CHICAGO—An investigational drug called axitinib is more effective than sorafenib in prolonging progression-free survival (PFS) in patients previously treated for metastatic renal cell carcinoma (mRCC), according to data presented at the 47th Annual Meeting of the American Society of Clinical Oncology.
In a phase 3 study comparing the two agents, median PFS was 6.7 among patients treated with axitinib and 4.7 months among those treated with sorafenib, reported Brian Rini, MD, of the Taussig Cancer Institute at Cleveland Clinic in Ohio.
“These data from the first head-to-head phase 3 study comparing active targeted therapies in advanced RCC are important for clinicians, as they help us advance our understanding of this tumor, where there are limited proven options for previously treated patients,” Dr. Rini said. “The clinically meaningful improvement in PFS seen with axitinib is even more encouraging as it was accompanied by generally manageable tolerability, an important consideration for these patients.”
Axitinib is an oral selective inhibitor of vascular endothelial growth factor (VEGF) receptors 1, 2, and 3. VEGF receptors are thought to play a role in the growth and spread of many tumors, including RCC, and breast, lung, thyroid, and colorectal cancer. VEGF receptors 1, 2, and 3 can influence tumor growth, vascular angiogenesis, and metastatic progression of cancer through lymphangiogensis than by inhibiting an individual pathway.
Dr. Rini and his colleagues conducted a randomized, open-label trial comparing the efficacy and safety of axitinib versus sorafenib as second-line therapy for metastatic RCC (mRCC). Eligible patients had clear cell mRCC after first-line systemic therapy with sunitinib, cytokines, bevacizumab, or temsirolimus.

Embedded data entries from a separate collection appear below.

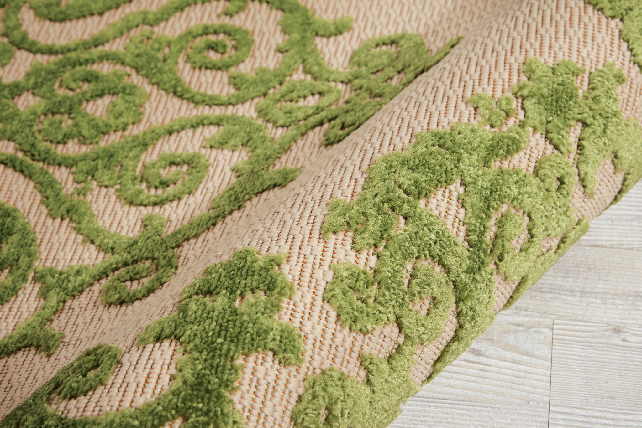 Embody a sense of artistic flair in a sleek and classy ensemble with this calming Green Medallion Indoor Outdoor Area Rug that is bound to bring a new perspective to your contemporary styling. The charismatic design is elevated with the harmonious blend of moss green and two-toned striped beige to create an elegant yet relaxing ambiance. This masterful creation is made in Turkey while introducing 100% polypropylene in its making to ensure speedy spot cleaning and longevity. The flatweave surface with cut pile construction goes perfectly in your porch, doorway, or any outdoor area making an amiable environment for those special outdoor events. Bring your contemporary styling to a masterful finish with this alluring centerpiece that will add a layer of class to your home. 2’8″ x 4′
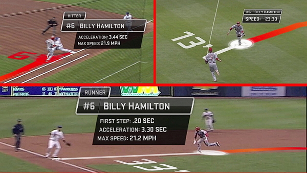 [그림] MLB에서 활용하고 있는 스텟케스트(StatCast). 공의 궤적뿐 아니라 주자의 반응속도 타자의 달리기 속도 등을 실시간으로 중계화면에 표시하여 시청자들을 더욱 즐겁게 한다. (이미지출처 : MLB.com)
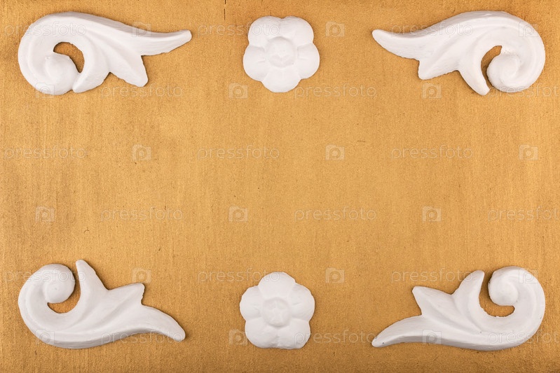 Белая лепнина на пустом золотом фоне. С пространством для дизайна, текстовое место

In the study, which was conducted at centers in the United States, Europe, Asia, Canada, Australia, and Latin America, 361 patients received axitinib at a starting dose of 5 mg twice daily and 362 received sorafenib 400 mg twice daily. The study population had a mean age of 61 years and 75% were male.
Among patients previously treated with sunitinib, median PFS was significant longer in the axitinib recipients than the sorafenib-treated subjects (4.8 vs. 3.4 months). Among patients previously treated with cytokines, median PFS was nearly twice a long in axitinib recipients than sorafenib-treated patients (12.1 vs. 6.5 months).
The objective response rate, which was a secondary study endpoint, was more than double with axitinib compared with sorafenib in the overall patient population (19.4% vs. 9.4%).
“All these drugs are not the same,” Dr. Rini said. “It is important to know there are meaningful differences between these drugs and which ones may be most beneficial in a particular situation. Axitinib was better tolerated than we expected. The patients receiving it had less diarrhea, less rash, and less alopecia [compared with sorafenib recipients], and those are three side effects that are important to patients.”
The most common adverse events that occurred more frequently with axitnib than sorafenib were hypertension (40% vs. 29%), fatigue (39% vs. 32%), dysphonia (31% vs. 14%), and hypothyroidism (19% vs. 8%). Adverse events found to be more frequent with sorafenib were hand-foot syndrome (27% vs. 51%), rash (13% vs. 32%), alopecia (4% vs. 32%), and anemia (4% vs. 12%).